PROBLEM: Every line of the entries below from the one containing "12 red paper" to the one containing "A convenient Door", both ends included, must be written out exactly. No other line belongs in the answer.

AVAILABLE DATA:

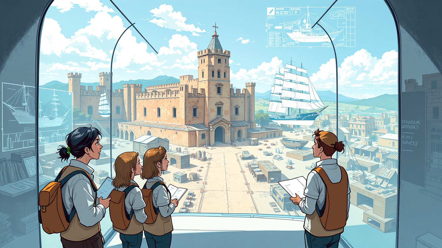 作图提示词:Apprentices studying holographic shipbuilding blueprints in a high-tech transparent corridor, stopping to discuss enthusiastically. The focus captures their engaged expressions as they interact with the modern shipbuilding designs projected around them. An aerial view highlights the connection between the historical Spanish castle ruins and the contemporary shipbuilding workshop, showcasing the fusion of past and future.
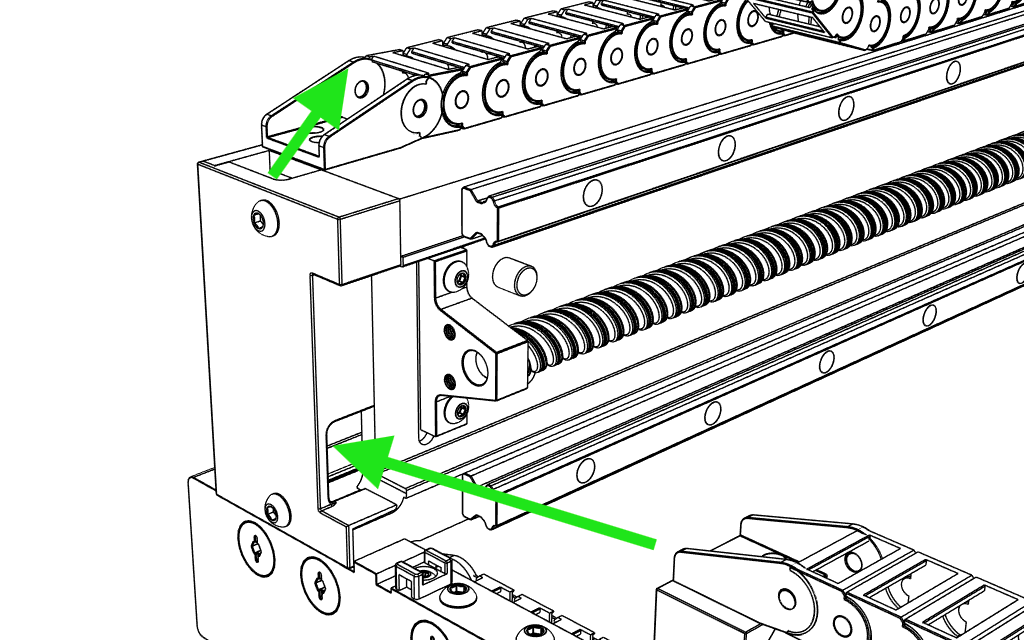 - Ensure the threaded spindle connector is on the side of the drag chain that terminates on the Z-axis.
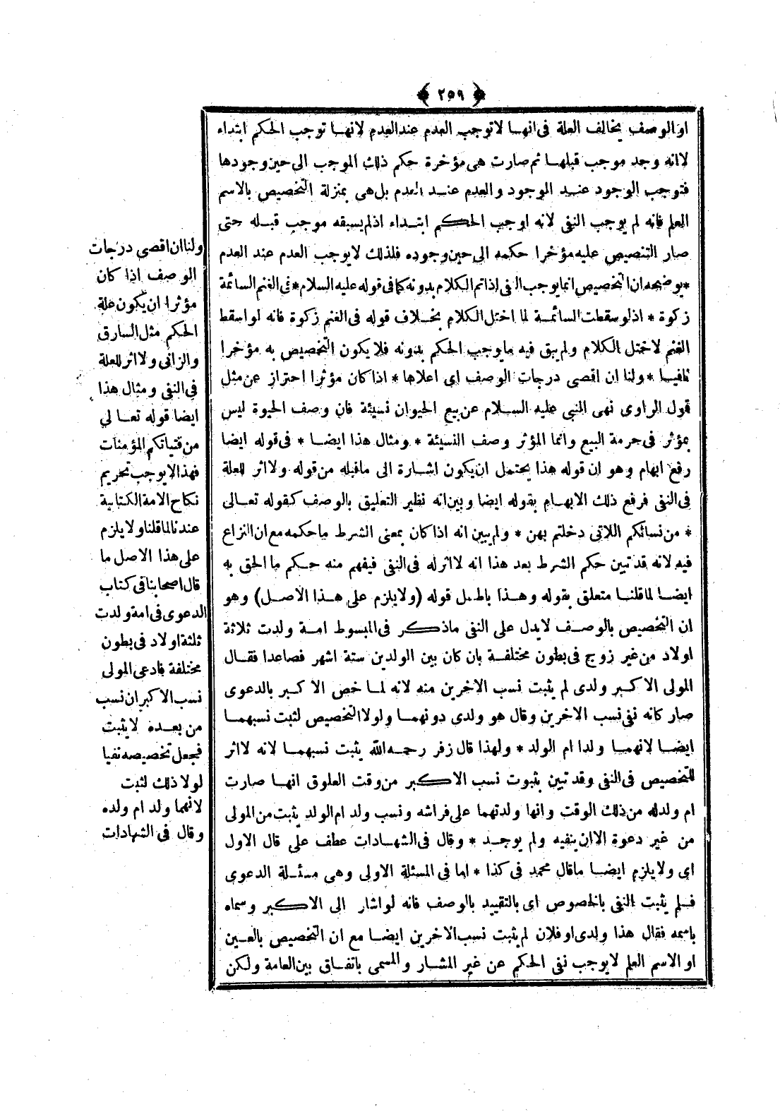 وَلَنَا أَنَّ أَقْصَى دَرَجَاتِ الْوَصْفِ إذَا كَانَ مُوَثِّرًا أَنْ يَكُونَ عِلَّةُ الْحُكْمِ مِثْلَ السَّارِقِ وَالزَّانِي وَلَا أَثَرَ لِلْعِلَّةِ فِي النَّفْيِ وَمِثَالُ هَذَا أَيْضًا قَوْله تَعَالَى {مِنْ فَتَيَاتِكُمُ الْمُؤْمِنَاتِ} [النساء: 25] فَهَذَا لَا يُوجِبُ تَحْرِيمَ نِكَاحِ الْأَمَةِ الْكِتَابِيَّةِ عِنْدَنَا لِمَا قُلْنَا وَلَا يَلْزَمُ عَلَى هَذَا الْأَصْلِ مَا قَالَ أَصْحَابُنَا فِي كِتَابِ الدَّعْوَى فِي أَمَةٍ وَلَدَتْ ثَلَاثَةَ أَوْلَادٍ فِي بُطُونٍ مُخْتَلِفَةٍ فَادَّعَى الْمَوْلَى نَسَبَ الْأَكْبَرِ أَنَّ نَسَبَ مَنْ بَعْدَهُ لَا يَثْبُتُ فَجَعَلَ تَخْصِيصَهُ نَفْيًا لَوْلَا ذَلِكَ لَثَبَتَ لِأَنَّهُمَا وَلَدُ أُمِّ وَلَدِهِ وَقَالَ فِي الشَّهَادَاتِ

--

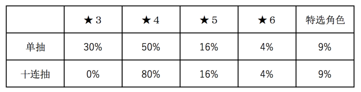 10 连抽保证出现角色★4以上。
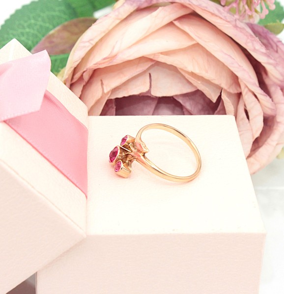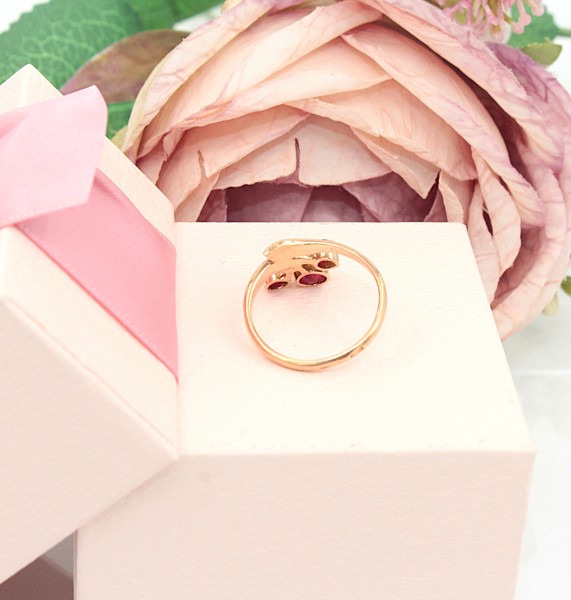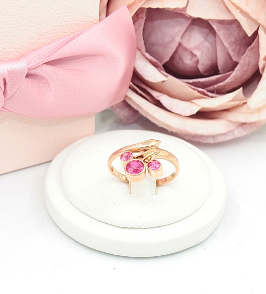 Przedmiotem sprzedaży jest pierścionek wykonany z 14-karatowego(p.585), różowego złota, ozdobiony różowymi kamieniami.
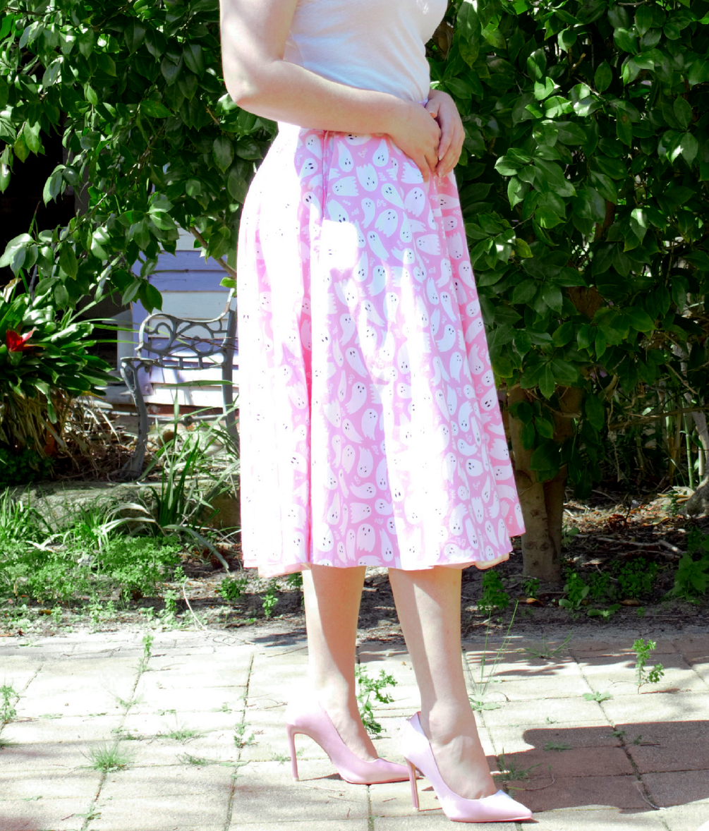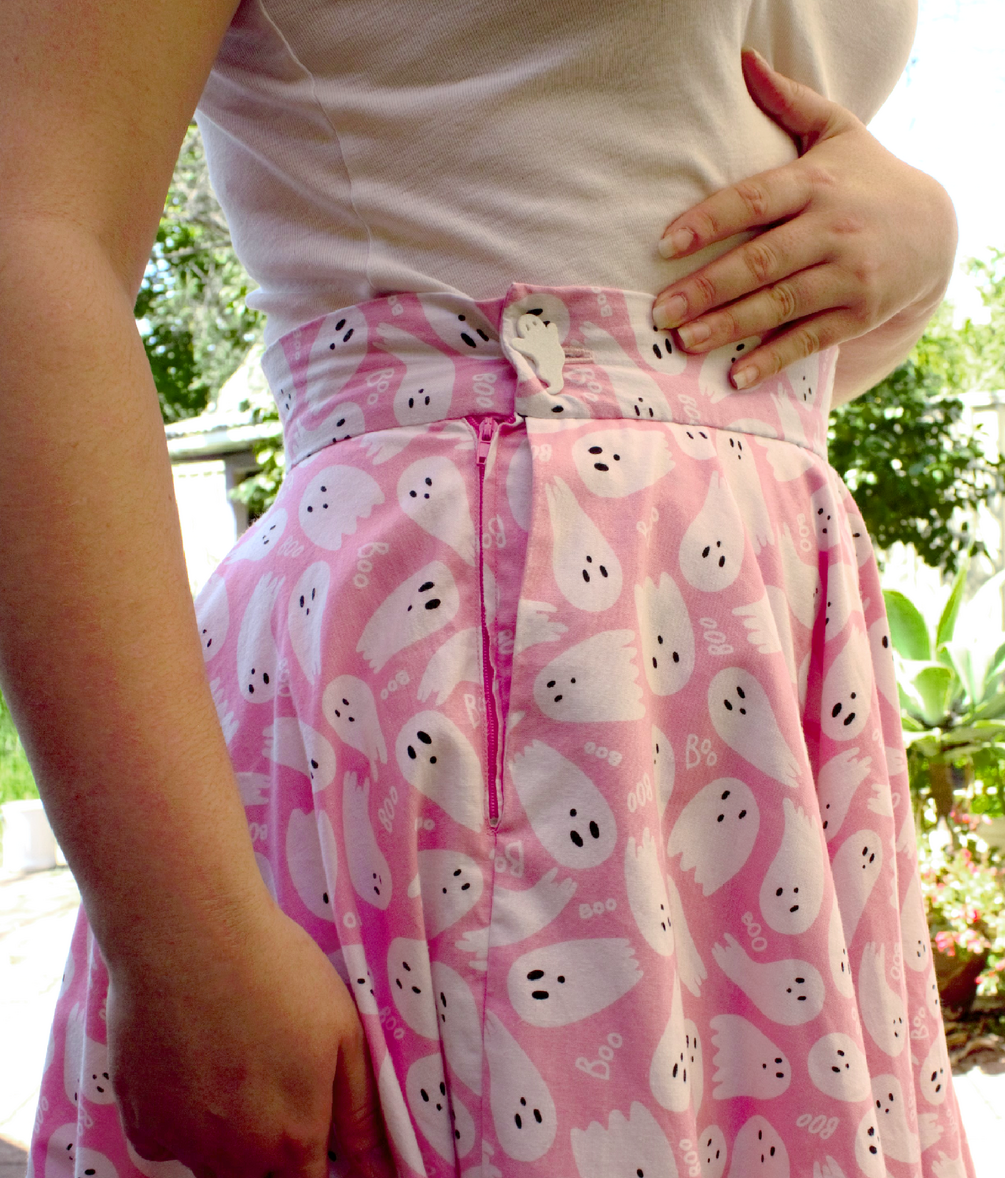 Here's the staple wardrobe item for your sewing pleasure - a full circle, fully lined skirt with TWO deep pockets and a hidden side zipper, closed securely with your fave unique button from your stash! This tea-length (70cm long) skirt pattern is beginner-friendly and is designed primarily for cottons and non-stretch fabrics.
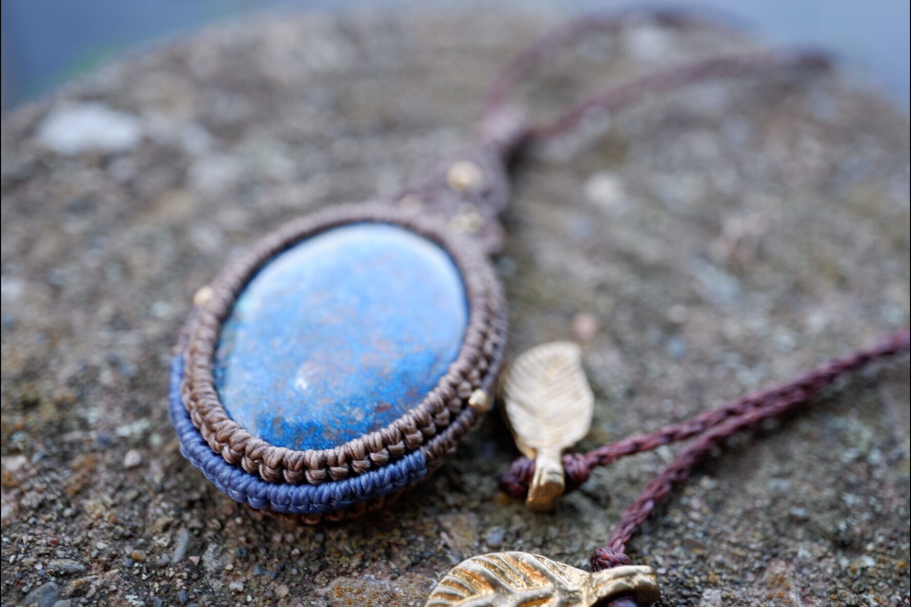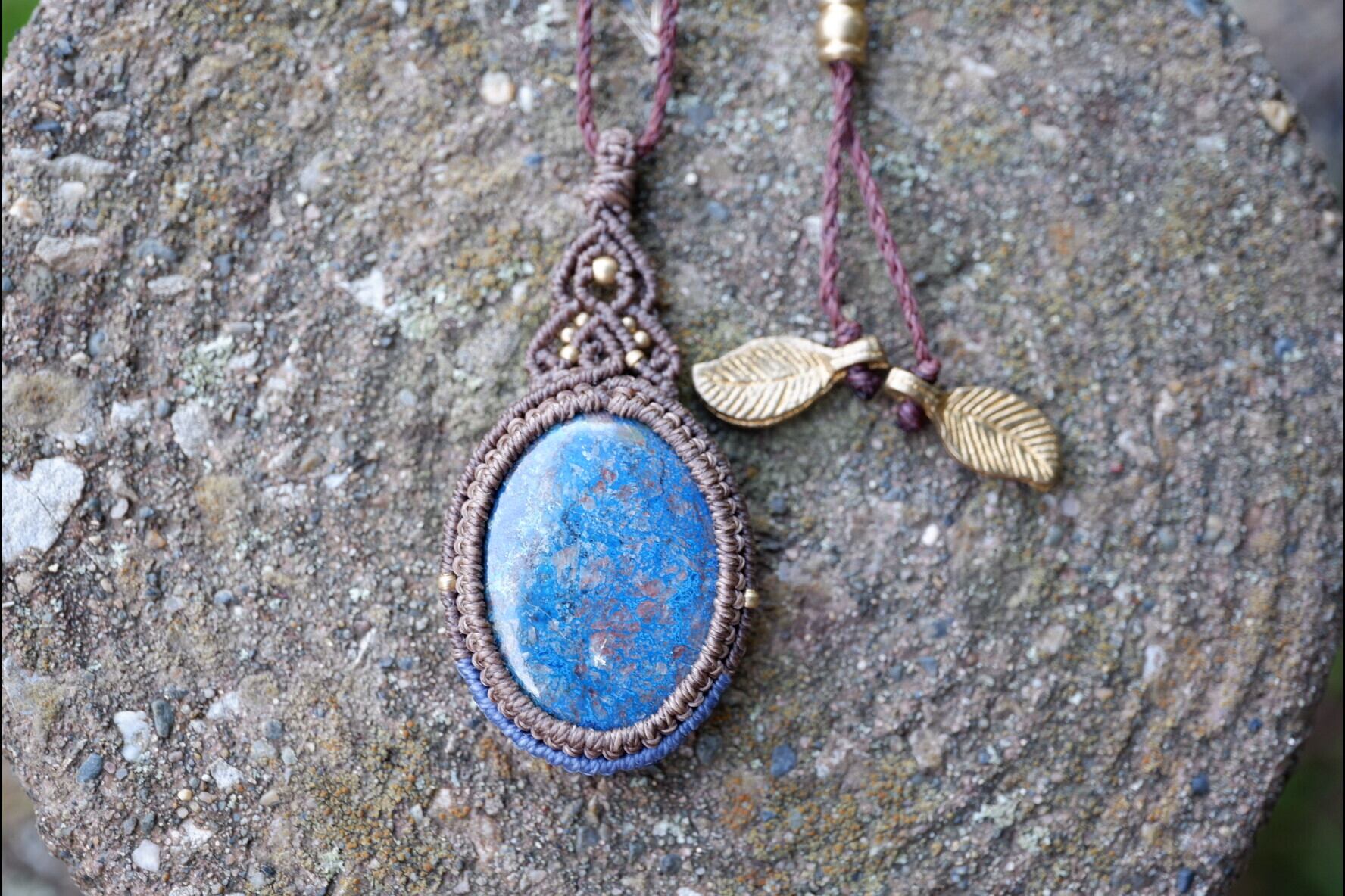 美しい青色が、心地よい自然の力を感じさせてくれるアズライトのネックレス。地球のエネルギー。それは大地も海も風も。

* * *

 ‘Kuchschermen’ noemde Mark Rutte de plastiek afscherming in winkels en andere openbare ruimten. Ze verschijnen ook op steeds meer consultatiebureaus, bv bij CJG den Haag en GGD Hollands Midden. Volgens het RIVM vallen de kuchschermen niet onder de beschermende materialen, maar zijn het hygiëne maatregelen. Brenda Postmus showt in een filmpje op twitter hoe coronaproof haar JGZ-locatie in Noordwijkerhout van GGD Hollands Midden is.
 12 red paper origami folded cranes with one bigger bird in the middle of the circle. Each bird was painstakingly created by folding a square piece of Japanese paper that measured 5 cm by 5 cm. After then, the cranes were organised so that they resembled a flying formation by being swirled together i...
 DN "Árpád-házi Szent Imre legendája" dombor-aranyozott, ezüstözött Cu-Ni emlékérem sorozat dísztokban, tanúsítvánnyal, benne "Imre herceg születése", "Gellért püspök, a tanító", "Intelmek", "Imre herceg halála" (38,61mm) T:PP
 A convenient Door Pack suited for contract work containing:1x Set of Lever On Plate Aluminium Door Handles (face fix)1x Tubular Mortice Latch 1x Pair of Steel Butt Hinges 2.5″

EXERCISE OUTPUT:
 12 red paper origami folded cranes with one bigger bird in the middle of the circle. Each bird was painstakingly created by folding a square piece of Japanese paper that measured 5 cm by 5 cm. After then, the cranes were organised so that they resembled a flying formation by being swirled together i...
 DN "Árpád-házi Szent Imre legendája" dombor-aranyozott, ezüstözött Cu-Ni emlékérem sorozat dísztokban, tanúsítvánnyal, benne "Imre herceg születése", "Gellért püspök, a tanító", "Intelmek", "Imre herceg halála" (38,61mm) T:PP
 A convenient Door Pack suited for contract work containing:1x Set of Lever On Plate Aluminium Door Handles (face fix)1x Tubular Mortice Latch 1x Pair of Steel Butt Hinges 2.5″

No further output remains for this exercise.